The dealmaker line is one theory, however, if you just look at Trump’s record of language on trade, on NATO, on despotic regimes across the world for the last thirty years. Everything he has said over that period of time, everything he stood for, he is doing.
Fundamentally, the President has a total lack of respect for America’s allies, how they came to be allies and why they still count themselves as such. There is a complete void in understanding the serious consequences of starting a trade war with friends and neighbours. There’s then his deeply troubling obsession with despotic forms of government. And last but not least, the sitting President of the United States has a complete disdain for normal methods of media communications, actively galvanising public mistrust in a free press and media that has so many times before stood up against unlawful and dubious actions by government.

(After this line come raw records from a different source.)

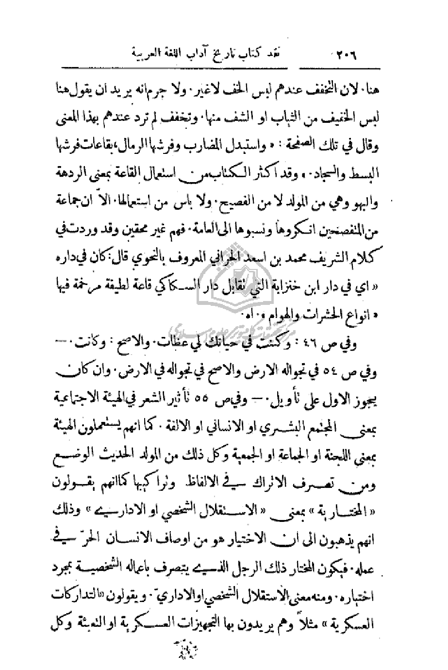 وفي ص 54 في تجواله الأرض والأصح في تجواله في الأرض. وإن كان يجوز الأول على تأويل. - وفي ص 55 تأثير الشعر في الهيئة الاجتماعية بمعنى المجتمع البشري أو الإنساني أو الألفة. كما انهم يستعملون الهيئة بمعنى اللجنة أو الجماعة أو الجمعية وكل ذلك من المولد الحديث والوضع ومن تصرف الأتراك في الألفاظ وتراكيبها كما أنهم يقولون (المختارية) بمعنى (الاستقلال الشخصي أو الإداري) وذلك أنهم يذهبون إلى أن الاختيار هو من أوصاف الإنسان الحرّ في عمله. فيكون المختار ذلك الرجل الذي يتصرف بأعماله الشخصية بمجرد اختياره. ومنه معنى الاستقلال الشخصي أو الإداري. ويقولون (التداركات العسكرية) مثلاً وهم يريدون بها التجهيزات العسكرية أو التعبئة وكل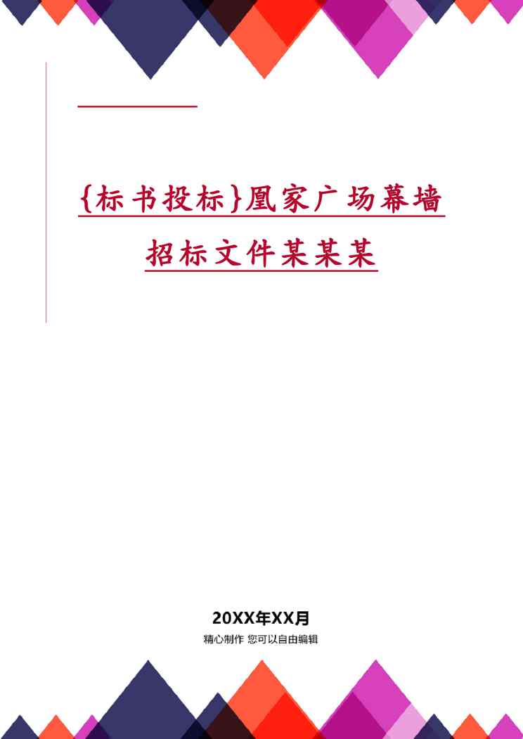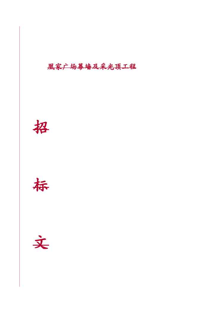本站资深用户发布了最新的《{标书投标}凰家广场幕墙招标文件某某某》文档,以下内容为预览,详细内容可下载阅读。 声明:本站所有文章,如无特殊说明或标注,均为本站原创发布。任何个人或组织,在未征得本站同意时,禁止复制、盗用、采集、发布本站内容到任何网站、书籍等各类媒体平台。如若本站内容侵犯了原著者的合法权益,可联系我们进行处理。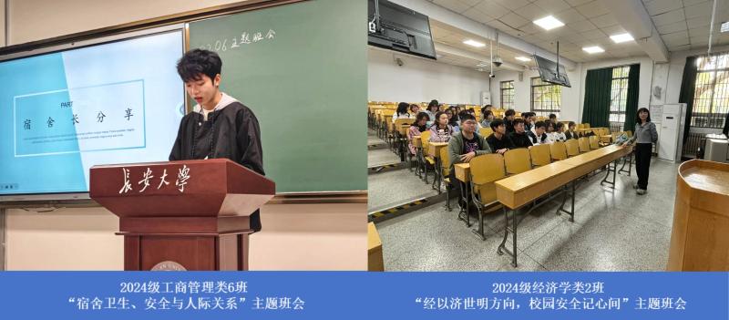 把牢安全守底线,和谐共进谋发展。经济学类二班、工商管理类六班,针对“校园安全与人际关系”召开主题班会。充分强调消防安全、健康安全、财产安全、网络安全等注意事项,号召同学们强化安全防范意识;组织宿舍长对宿舍安全隐患、卫生保持、人际关系等方面进行汇报,以自我反省、互相监督、定期检查的形式,帮助员工养成健康生活习惯,建立良好宿舍关系。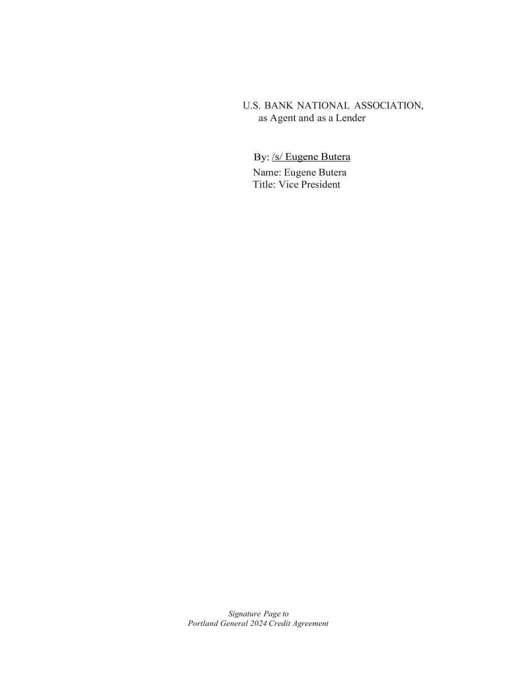 Signature Page to Portland General 2024 Credit Agreement U.S. BANK NATIONAL ASSOCIATION, as Agent and as a Lender By: /s/ Eugene Butera Name: Eugene Butera Title: Vice President
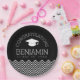 Un diseño moderno y mínimo para una celebración de graduación. Añada el texto del personalizado de su graduado al diseño en blanco y negro para hacer un recuerdo o un favor de una fiesta de graduación.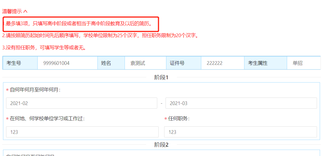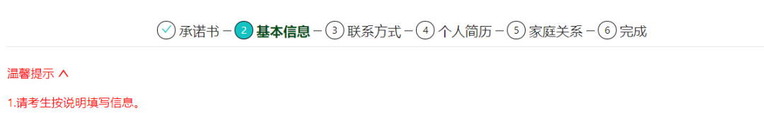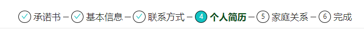 五、【填写个人简历】填写联系方式后,点击“下一步”按钮进入“填写个人简历”模块。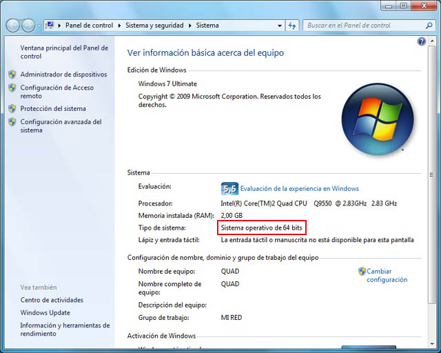 Para cerciorarnos de que podemos disfrutar de las bondades de este sistema, debemos verificar por un lado si nuestro sistema operativo actual es una versión de 32 bits o de 64 bits y por otro que nuestra CPU soporte esta arquitectura.
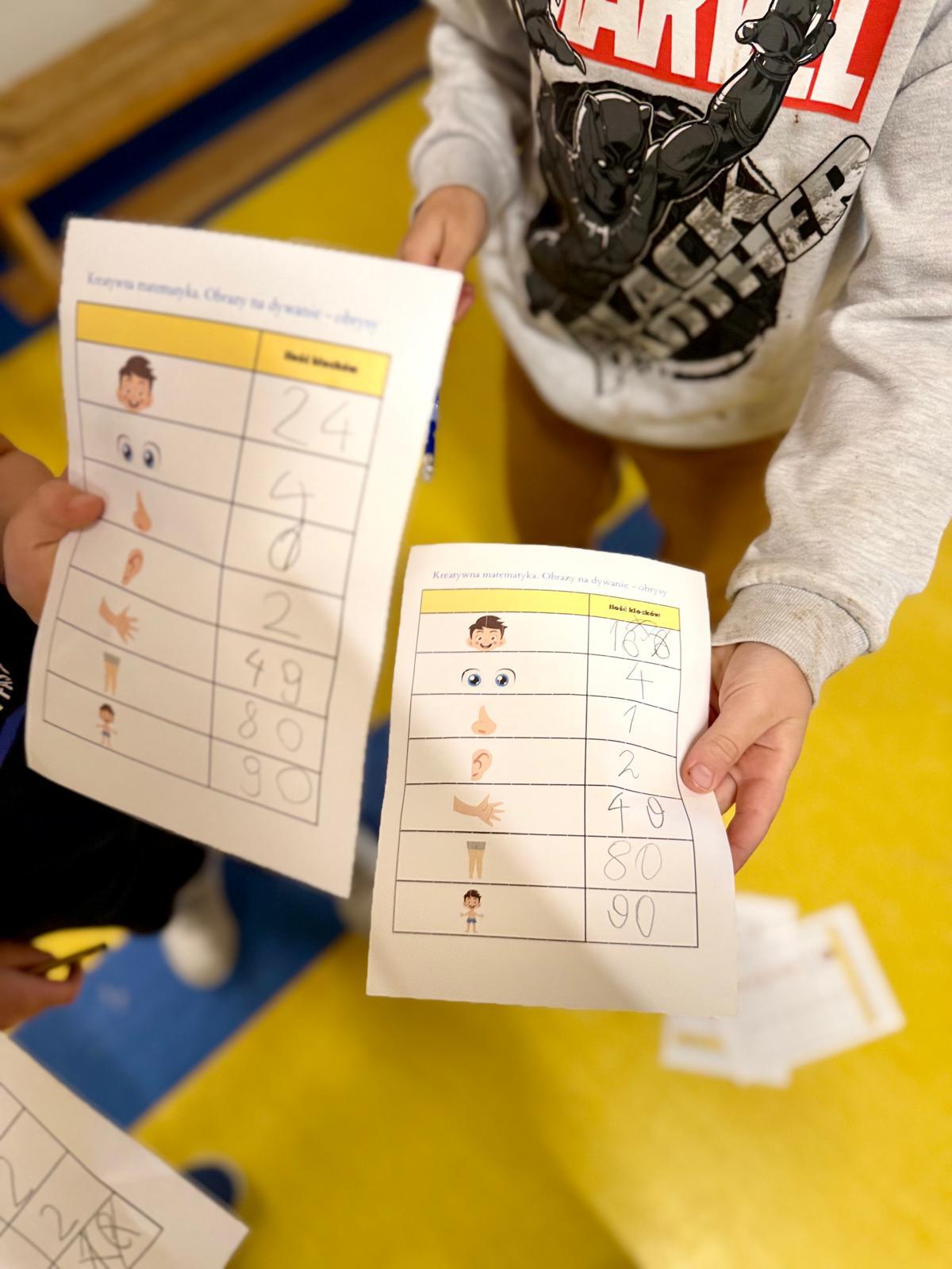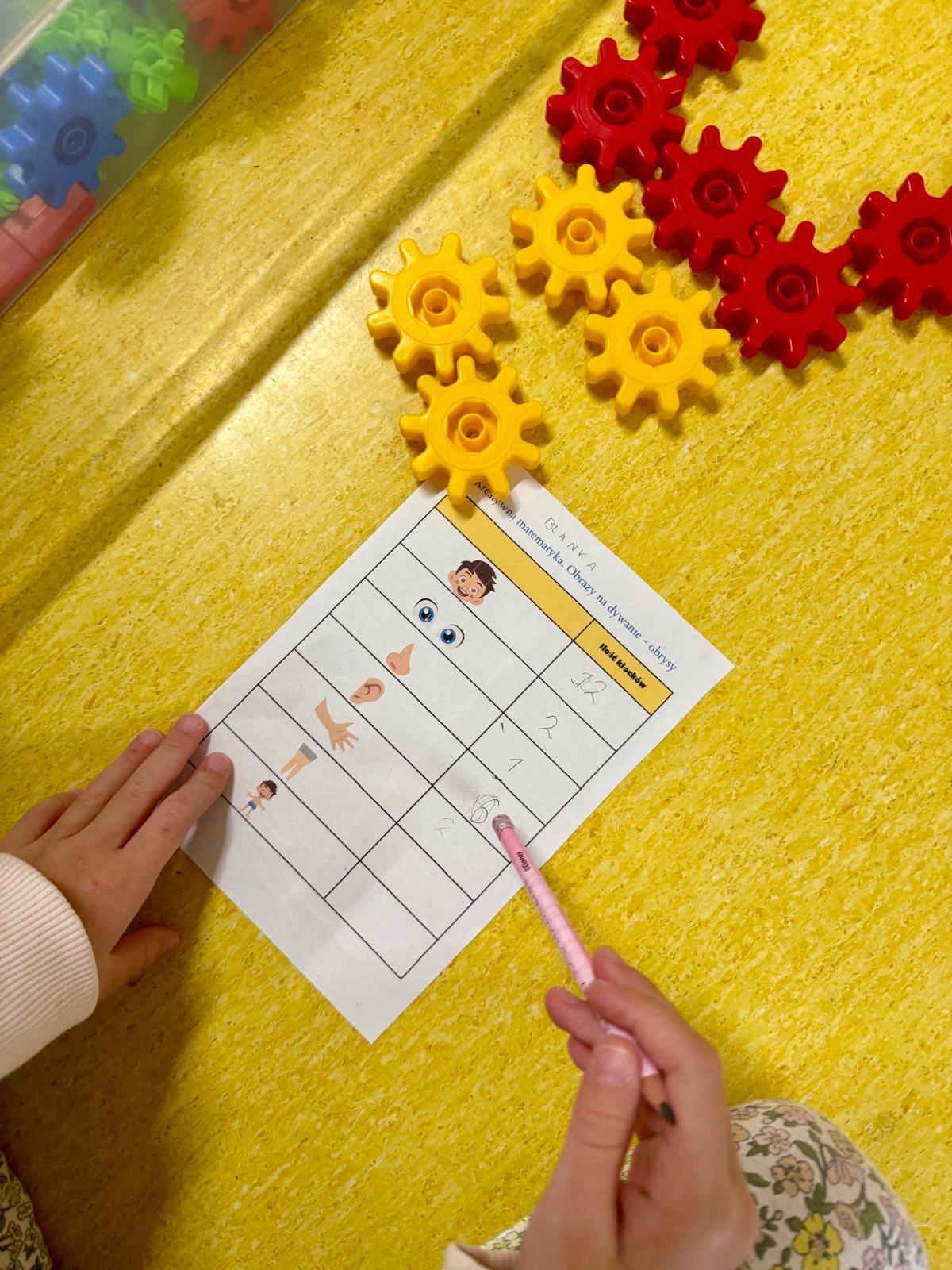 A potem przyszła pora na liczenie.Każde dziecko otrzymało kartę pracy z tabelką – i zaczęło się prawdziwe matematyczne wyzwanie:

We are a very long way indeed from Henry Kissinger’s Realpolitik; paraphrasing Palmerston, Kissinger said that America does not have friends or allies, it has interests. That may be so, but at the very least America’s chief interest was making countries feel like friends and allies, sustaining an umbrella of interests and a foreign policy that, wherever possible, promoted democracy and liberalism over tyranny and state control.
In a way, it doesn’t actually matter whether Donald J. Trump loses the Republican Party their majority in Congress this November. It doesn’t matter if he is ejected from office in 2020.
The damage is done. Henceforth, promises given and commitments made by the United States of America will come with an asterisk attached. Because if they elected one Trump they might very well elect another.